Howard's holdout has Gibbs in a huff Redskins coach ponders call to agent


CARLISLE, Pa. -- Washington Redskins coach Joe Gibbs said yesterday that it's hard for him to understand Desmond Howard's holdout, and suggested he is near the point of thinking the Heisman Trophy winner should "come back next year."

In a rare show of public frustration about a holdout, Gibbs said: "A lot of the stuff we're working on, he's never seen. How fast can he pick that up? I don't know. I definitely would say it reaches a point with some of those guys, I know coaches have faced this, where you say, 'I would like the guy to go inoperable for a year. Come back next year.' "

What frustrates Gibbs about Howard's holdout -- even more than those of veterans Mark Rypien, Jim Lachey and Darrell Green -- is that the first three draft picks have signed and Howard is next in line as the No. 4 selection.

In the NFL's unofficial system of "slotting," Howard should get a contract slightly less than that of the No. 3 pick, Sean Gilbert of the Los Angeles Rams, who signed a deal worth $1.5 million a year.

"I can understand a lot of them [holdouts], but [Howard]?" Gibbs said. "Unless [owner] Mr. [Jack Kent] Cooke has lost his mind and is going to pay him above No. 3 . . . . and that hasn't happened. He's a rookie and he needs to be here doing all the things we're doing."

Gibbs, who isn't directly involved in contract talks, then suggested he was thinking of calling Howard's agent, Leigh Steinberg.

"I wonder if he would even take my call," Gibbs said. "I would like to hear the logic behind this."

When told that Steinberg argues Howard should get more than the third pick because he was the first offensive player picked and is the Heisman Trophy winner, Gibbs said, "I wonder if it would matter if I told him that the other three guys that everybody had a chance to pick were all defense.

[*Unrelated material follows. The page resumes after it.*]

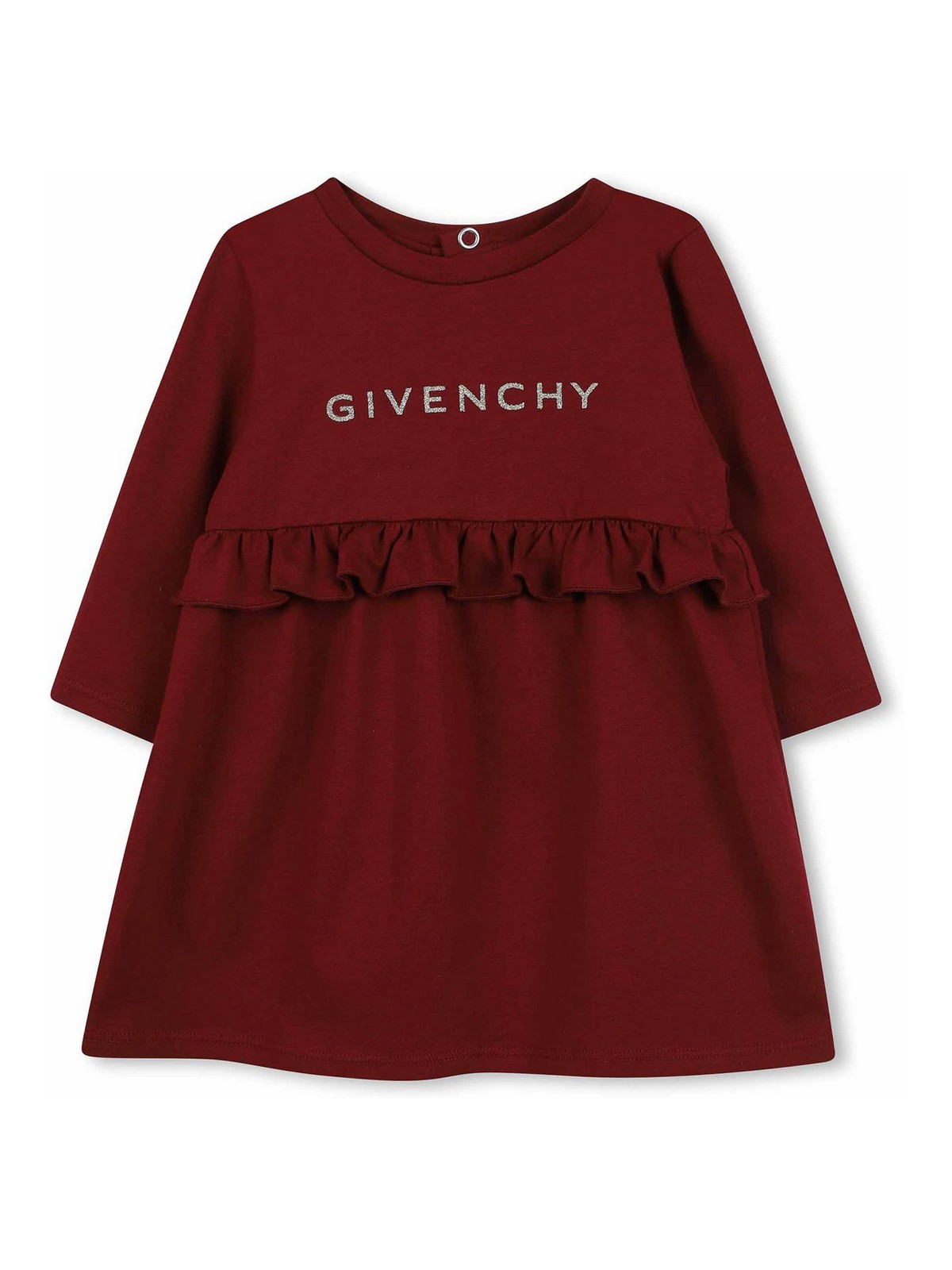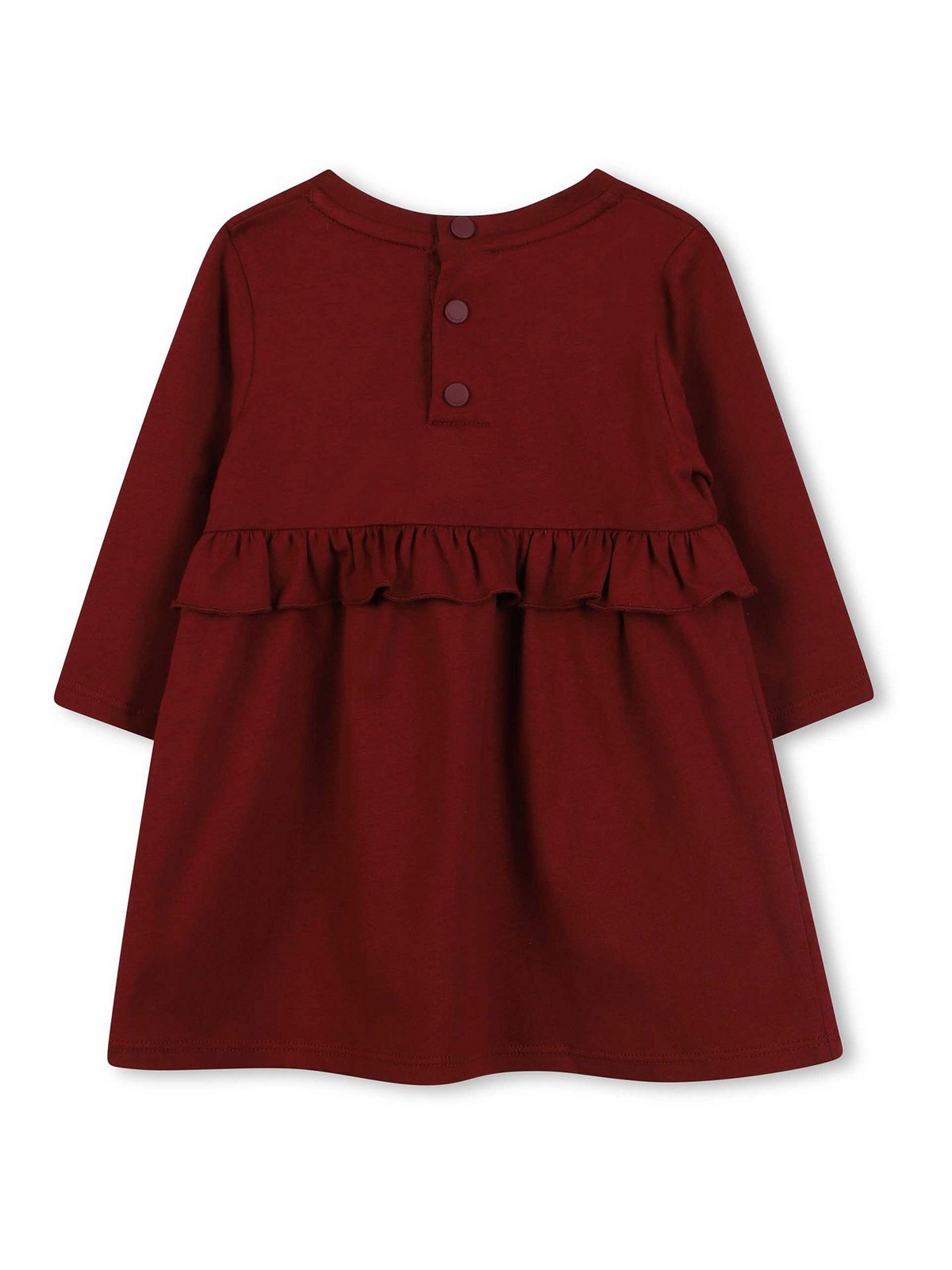 Dress with burgundy logo print with ruffles long sleeves back with organic snap placket %
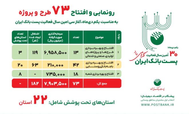 بهرهبرداری از ۷۳ طرح و پروژه پستبانک ایران همزمان با سیامین سال فعالیت

Evidently, somebody thinks defense is more important than offense and they happen to be the people who are picking in the draft. And he [Steinberg] is at his desk in Los Angeles or someplace with his feet cocked up there."

It turned out Steinberg wasn't at his Newport Beach, Calif., office, but was in New Jersey preparing to negotiate a contract with the New York Giants for supplemental draft pick Dave Brown.

Steinberg defended his quest to get Howard a contract bigger than Gilbert's.

"The system of slotting was not handed down to Moses on Mount Sinai, nor is it embodied in the Constitution," he said. "There are many theories about what is fair compensation and it had to be clear to anybody before the draft that Desmond Howard is a skill-position player who can play two positions and is the Heisman Trophy winner, and he was going to demand a premium."

Steinberg also noted that Gilbert got much less per year than the first two players picked -- the Indianapolis Colts' Steve Emtman ($2.25 million) and Quentin Coryatt ($2.15 million). He said the difference between the second and third picks could "set someone up for life."

"It is not an immutable NFL rule that one aberrational signing becomes the absolute fair guidepost for compensation," Steinberg added.

Steinberg said he was willing to visit the Redskins' training camp yesterday to negotiate, but said general manager Charley Casserly didn't return his call Tuesday. Casserly said Steinberg was returning his call, and that he planned to call the agent late last night.

Howard has missed three weeks of camp and if he's not signed by next Tuesday when the team leaves for London to prepare for its Aug. 16 exhibition game against the San Francisco 49ers, he's likely to miss at least another week of camp.

The Redskins also aren't close to getting their three veteran holdouts, including Lachey, who is represented by Steinberg and his associate, Jeff Moorad, in camp.